====== Dataset excerpts ======
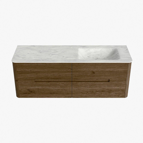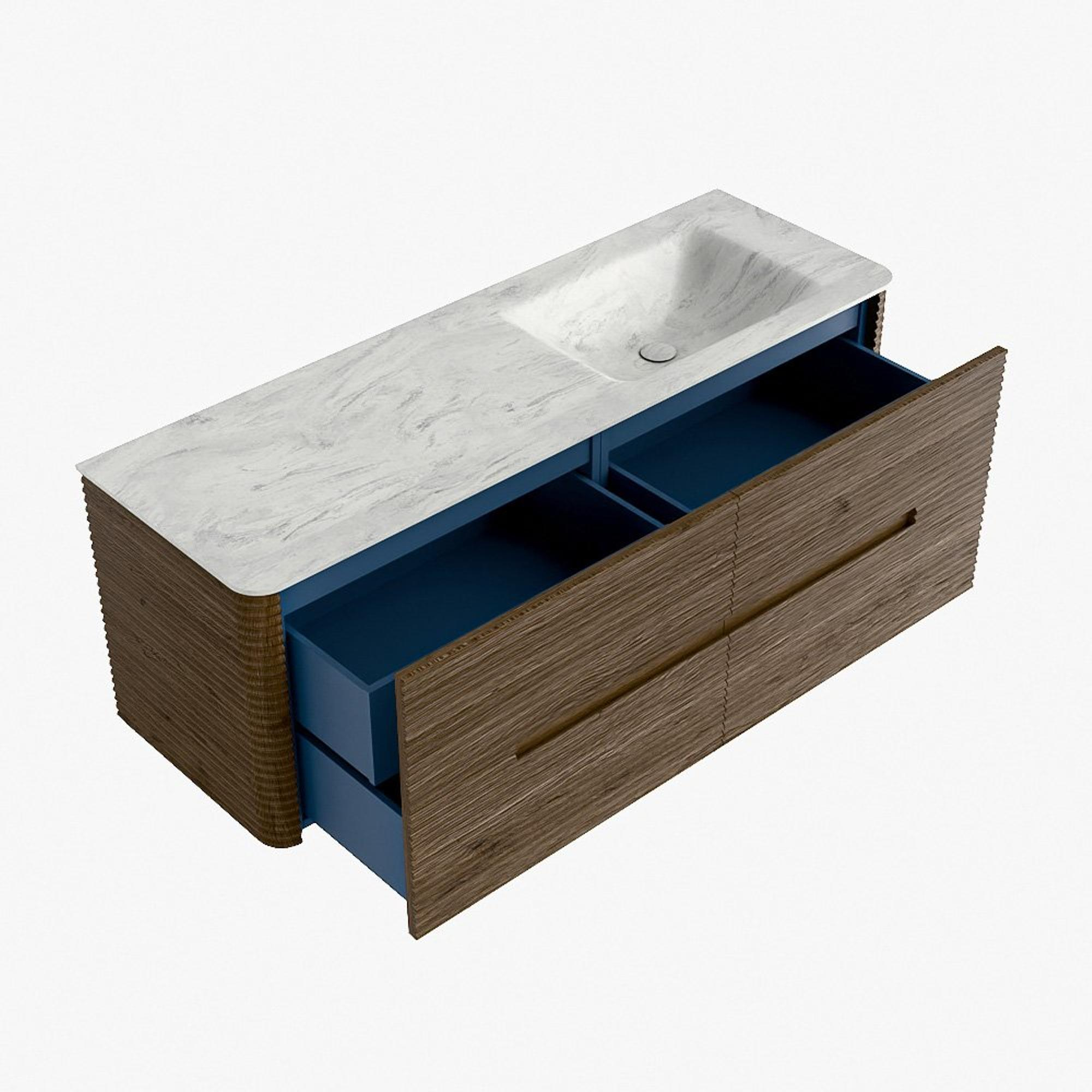 Mondiaz CIRO-DLUX Badkamermeubelset - 140x45x50cm - Solid surface wastafel Opalo - 1 wasbak Rechts - 1 kraangat - 4 lades - Dusk
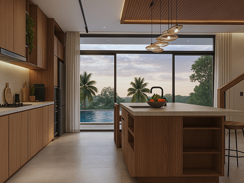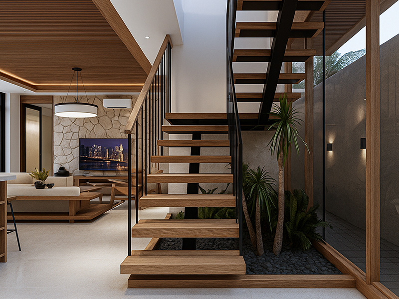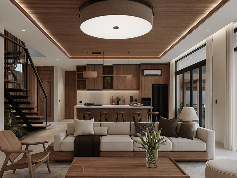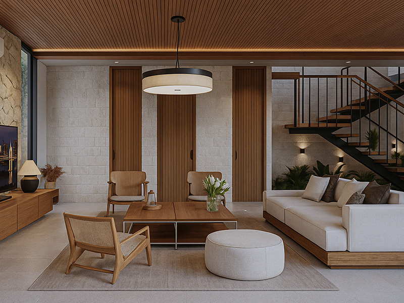 Warm natural materials such as wood, natural stone, and textured finishes define the tactile character of the home. Wooden structures and soft tones create a timeless connection between interior and exterior, while generous openings allow natural light and ventilation to flow effortlessly.
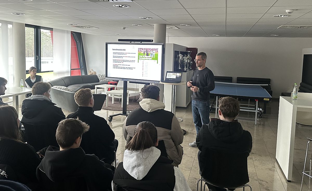 Im Rahmen einer informativen Präsentation wurden die Organisation und Struktur des NLZs vorgestellt und es gab spannende Einblicke in die erfolgreiche Nachwuchsarbeit des Vereins. Dabei wurde deutlich, wie vielschichtig und anspruchsvoll die Förderung junger Talente ist – sowohl auf sportlicher als auch auf persönlicher Ebene. Neben Trainingsinhalten und Leistungsentwicklung standen insbesondere pädagogische Aspekte sowie der verantwortungsvolle Umgang mit Jugendlichen im Fokus.
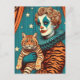 Um palhaço bonitinho na impressão de tigre segura um gato grande de gengibre
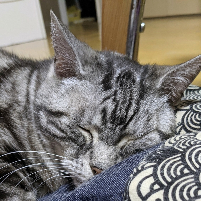 いびきをかく猫。リラックス具合が伝わってきます。抜け毛の季節なので大変なんですが、羽毛のベッドを愛用中です。癒やされちゃう動画です。
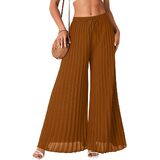 Pleated wide leg pants made of chiffon fabric,with lined, soft and comfortable to wear. Elastic waist wide leg trousers pants for women.
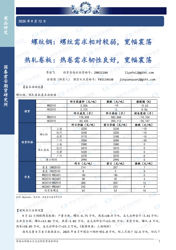 【国泰君安期货】【202509】螺纹钢:螺纹需求相对较弱,宽幅震荡 热轧卷板:热卷需求韧性良好,宽幅震荡-3页
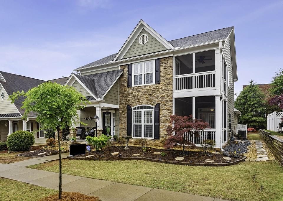 All offers in by 9 pm Sunday, 4/16. Thank you. This beautiful Craftsman home in Old Suwanee subdivision is a must-see property with its charming gas lanterns and tree-lined streets plus sidewalks and a park with a gazebo for a wonderful feeling of community. The home has a low maintenance exterior, and all lawn care and trash pick-up are included with your HOA membership. Conveniently located near Suwanee Town Center, area parks (including one in the neighborhood), greenway trail, White Street Park/Orchard & the Suwanee Community Garden. This immaculately maintained home offers a covered front porch and two additional screened porches - one off the primary bedroom and one off the kitchen! Hardwood floors in the spacious family room and dining room welcome you once you enter the open 2-story foyer. The family room opens to a beautiful brick-paver patio with pergola and expanded decking - perfect to enjoy outdoor dining or relaxing. The bright kitchen features lots of dark cherry stained cabinets, stainless steel gas range and dishwasher, built-in microwave, and a breakfast bar with deep stainless-steel sinks. The breakfast area opens to the charming, screened porch which would be perfect for your morning coffee! The kitchen also features a hidden walk-in chef's pantry for fun, in addition to a regular pantry located in the mud/laundry room. Upstairs you will find the expansive and light-filled primary suite with a double trey ceiling, upgraded fan/light fixture, a fabulous, updated bath with oversized glass enclosed shower with rain shower head, his and her sinks with vanity area, and a walk-in closet. You can also enjoy the upper-level screen porch from the primary bedroom, maybe having morning coffee there or just relaxing with a good book! The secondary bedrooms both have ceiling fans and good-sized closet space. This is a lovely home with lots of curb appeal! Updates include new upper-level HVAC unit; Nest thermostats, roof approximately 7 years old. Must see in person to appreciate this home's charm!
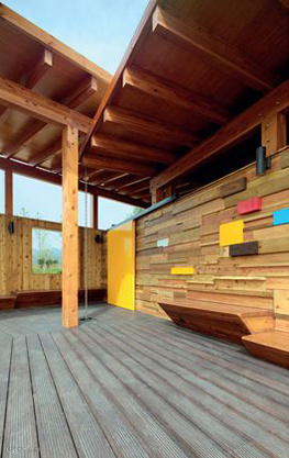 建筑师提取了“愤怒的小鸟”中几种特定的色彩,让前来游玩的小朋友们感到亲切友好。建筑师还特别设计了一些细节以方便小朋友的使用,如不同高度适合他们身高的室外座椅和手盆,多层次的丰富细节大大增强建筑的趣味性。
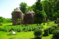 Вот не помню, в каком году, но я видел, как одну из "шишек" укладывали, ещё одна стояла уже готовая. Внутри там для связки жердина с перекрестьями есть. По монастырю ходишь с удовольствием, отдыхая душой. Если доводится проезжать неподалёку, всегда заруливаю туда просто побродить. Внутри много зелени, цветов, старых ухоженных построек. Знаю, что многие приезжают в монастырь просто ради волонтёрства. Часто туристы за кормёжку и ночлег делают какие-нибудь нехитрые работы.
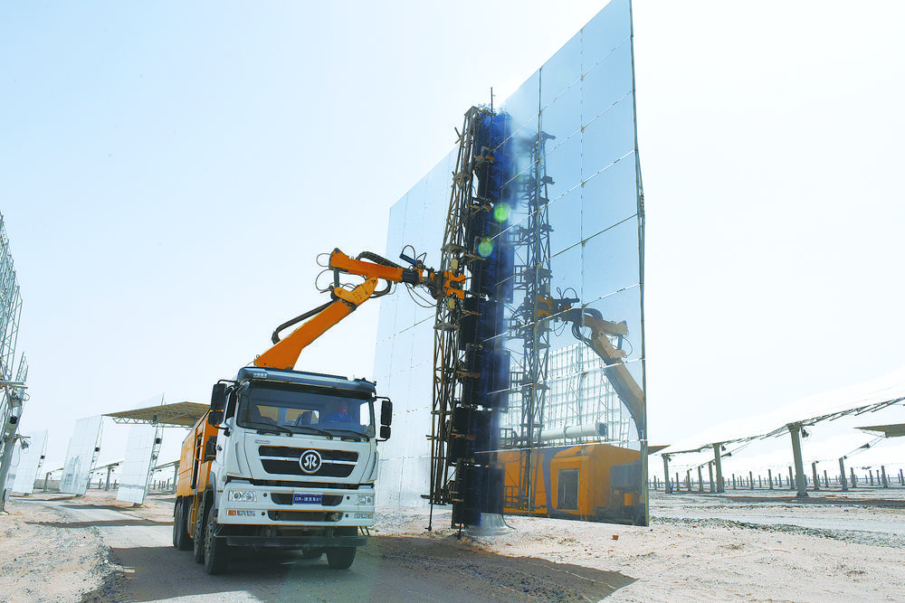 魯能新能源(集團)有限公司定日鏡清潔維護中。殷之皓 攝
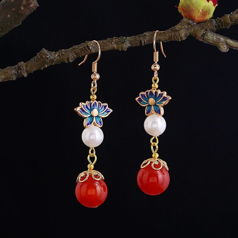 中国風クリカルロングイヤリング古代スタイル瑪瑙イヤリング森文学気質レトロ韓服チャイナドレス女性 指輪 shipin61592539571
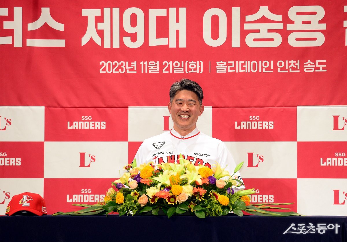 21일 인천 연수구 홀리데이인 인천 송도에서 SSG랜더스 제9대 이숭용 감독 취임식이 열렸다. SSG 이숭용 신임 감독이 취임 소감을 밝히고 있다.
======
_Directions for this task:_ Only the pictures are to be dropped; return everything else in the listing exactly.

_Result for this task:_
 Mondiaz CIRO-DLUX Badkamermeubelset - 140x45x50cm - Solid surface wastafel Opalo - 1 wasbak Rechts - 1 kraangat - 4 lades - Dusk
 Warm natural materials such as wood, natural stone, and textured finishes define the tactile character of the home. Wooden structures and soft tones create a timeless connection between interior and exterior, while generous openings allow natural light and ventilation to flow effortlessly.
 Im Rahmen einer informativen Präsentation wurden die Organisation und Struktur des NLZs vorgestellt und es gab spannende Einblicke in die erfolgreiche Nachwuchsarbeit des Vereins. Dabei wurde deutlich, wie vielschichtig und anspruchsvoll die Förderung junger Talente ist – sowohl auf sportlicher als auch auf persönlicher Ebene. Neben Trainingsinhalten und Leistungsentwicklung standen insbesondere pädagogische Aspekte sowie der verantwortungsvolle Umgang mit Jugendlichen im Fokus.
 Um palhaço bonitinho na impressão de tigre segura um gato grande de gengibre
 いびきをかく猫。リラックス具合が伝わってきます。抜け毛の季節なので大変なんですが、羽毛のベッドを愛用中です。癒やされちゃう動画です。
 Pleated wide leg pants made of chiffon fabric,with lined, soft and comfortable to wear. Elastic waist wide leg trousers pants for women.
 【国泰君安期货】【202509】螺纹钢:螺纹需求相对较弱,宽幅震荡 热轧卷板:热卷需求韧性良好,宽幅震荡-3页
 All offers in by 9 pm Sunday, 4/16. Thank you. This beautiful Craftsman home in Old Suwanee subdivision is a must-see property with its charming gas lanterns and tree-lined streets plus sidewalks and a park with a gazebo for a wonderful feeling of community. The home has a low maintenance exterior, and all lawn care and trash pick-up are included with your HOA membership. Conveniently located near Suwanee Town Center, area parks (including one in the neighborhood), greenway trail, White Street Park/Orchard & the Suwanee Community Garden. This immaculately maintained home offers a covered front porch and two additional screened porches - one off the primary bedroom and one off the kitchen! Hardwood floors in the spacious family room and dining room welcome you once you enter the open 2-story foyer. The family room opens to a beautiful brick-paver patio with pergola and expanded decking - perfect to enjoy outdoor dining or relaxing. The bright kitchen features lots of dark cherry stained cabinets, stainless steel gas range and dishwasher, built-in microwave, and a breakfast bar with deep stainless-steel sinks. The breakfast area opens to the charming, screened porch which would be perfect for your morning coffee! The kitchen also features a hidden walk-in chef's pantry for fun, in addition to a regular pantry located in the mud/laundry room. Upstairs you will find the expansive and light-filled primary suite with a double trey ceiling, upgraded fan/light fixture, a fabulous, updated bath with oversized glass enclosed shower with rain shower head, his and her sinks with vanity area, and a walk-in closet. You can also enjoy the upper-level screen porch from the primary bedroom, maybe having morning coffee there or just relaxing with a good book! The secondary bedrooms both have ceiling fans and good-sized closet space. This is a lovely home with lots of curb appeal! Updates include new upper-level HVAC unit; Nest thermostats, roof approximately 7 years old. Must see in person to appreciate this home's charm!
 建筑师提取了“愤怒的小鸟”中几种特定的色彩,让前来游玩的小朋友们感到亲切友好。建筑师还特别设计了一些细节以方便小朋友的使用,如不同高度适合他们身高的室外座椅和手盆,多层次的丰富细节大大增强建筑的趣味性。
 Вот не помню, в каком году, но я видел, как одну из "шишек" укладывали, ещё одна стояла уже готовая. Внутри там для связки жердина с перекрестьями есть. По монастырю ходишь с удовольствием, отдыхая душой. Если доводится проезжать неподалёку, всегда заруливаю туда просто побродить. Внутри много зелени, цветов, старых ухоженных построек. Знаю, что многие приезжают в монастырь просто ради волонтёрства. Часто туристы за кормёжку и ночлег делают какие-нибудь нехитрые работы.
 魯能新能源(集團)有限公司定日鏡清潔維護中。殷之皓 攝
 中国風クリカルロングイヤリング古代スタイル瑪瑙イヤリング森文学気質レトロ韓服チャイナドレス女性 指輪 shipin61592539571
 21일 인천 연수구 홀리데이인 인천 송도에서 SSG랜더스 제9대 이숭용 감독 취임식이 열렸다. SSG 이숭용 신임 감독이 취임 소감을 밝히고 있다.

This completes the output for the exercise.